1) If you are voting purely for "the best player" then this season that would be Westbrook, who has clearly outperformed every other player in the league statistically and has in fact posted one of the greatest single seasons in NBA history.

2) If you are voting for the best player on the best team then you are voting for Durant (or possibly Curry, if you are impressed by Golden State's winning streak sans Durant).

3) If you are voting for the best two-way player among the league's elite performers then you are voting for Kawhi Leonard.

There is no way that Harden is among the top five players in any objective evaluation of those three categories. Forget the Morey/D'Antoni inflated numbers and try to make a coherent case that, based purely on skill set strengths and weaknesses, Harden is a better basketball player than Westbrook, LeBron, Durant, Curry, Leonard (I could add a few more names where this might be a closer call but the answer is clear with these five). What exactly does Harden do better than those five players? He is the worst defensive player of the group by far (Curry would be next but I would take his intelligence, proper positioning and effort level over Harden any day) and he is not the best player in that group in any one meaningful category (Westbrook is a better scorer, LeBron is a better passer, Westbrook is at least as good of a passer).

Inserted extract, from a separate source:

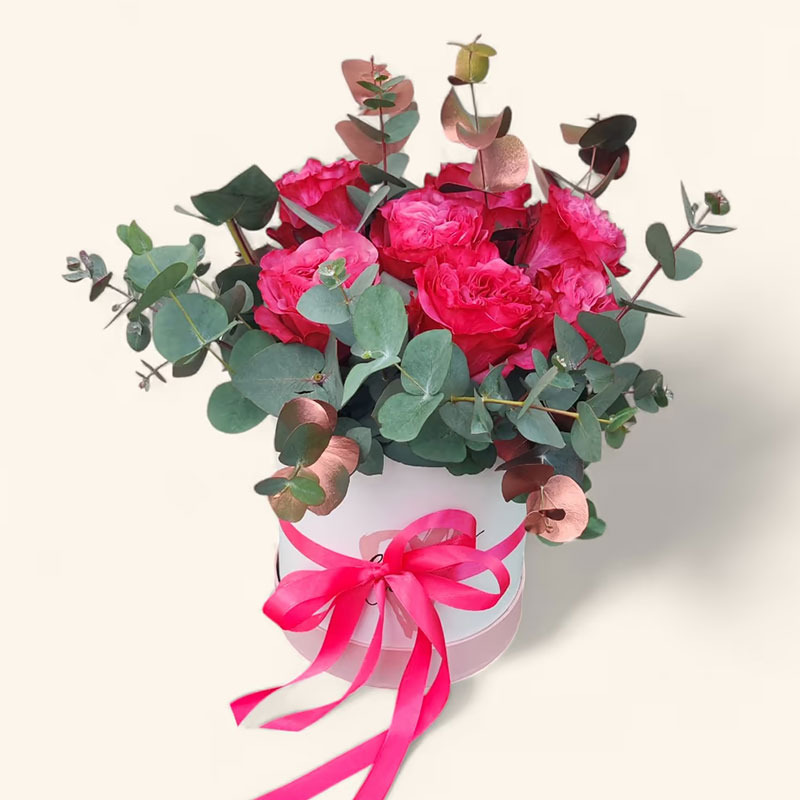 Perfect present with roses and eucalyptus.

Comparing Westbrook directly to Harden (which is relevant if for no other reason than the simple fact that the media voters who will determine the MVP winner decided months ago that this is a two horse race), Westbrook is a better scorer, rebounder and defender. We can call playmaking a draw (Harden averages more assists but he plays in a system and with teammates that all but guarantees a double digit assist average for any competent playmaker). Both players commit a lot of turnovers but Harden's turnovers seem careless while Westbrook's are usually the result of aggression. You may say that the cause does not matter as much as the result but my counter to that would be that Westbrook's aggression puts pressure on the defense over the course of a game even when sometimes the result is a miscue, while Harden's sloppiness results in some empty possessions that did not put much pressure on the defense. We can call ballhandling a draw if you like but I would argue that Westbrook's pure speed and extreme athleticism make him harder to guard and harder to game plan against than Harden's herky-jerky, gimmicky style.

Harden is an All-NBA player this season based purely on numbers but any rational GM who is interested in winning a title would not take him ahead of the top five players on my MVP list.

At Sunday, April 16, 2017 1:35:00 PM, Blogger Nick said...


I have RWB as my MVP this year as well, so I personally agree. I would not laugh out of the room however someone who pointed out that James scored five fewer points on 6 fewer shots, and still put up a near triple-double average himself. He also had an even better On/Off rating than RWB, despite his allegedly superior supporting cast (which should lower his On/Off, not raise it). Also, while I agree that his defense this year was not the same as his apex defense, it was still clearly lightyears ahead of RWB's.

Again, I've got RWB by a nose for MVP myself. But I don't think Lebron is by an means an indefensible pick in the way Harden or Thomas might be.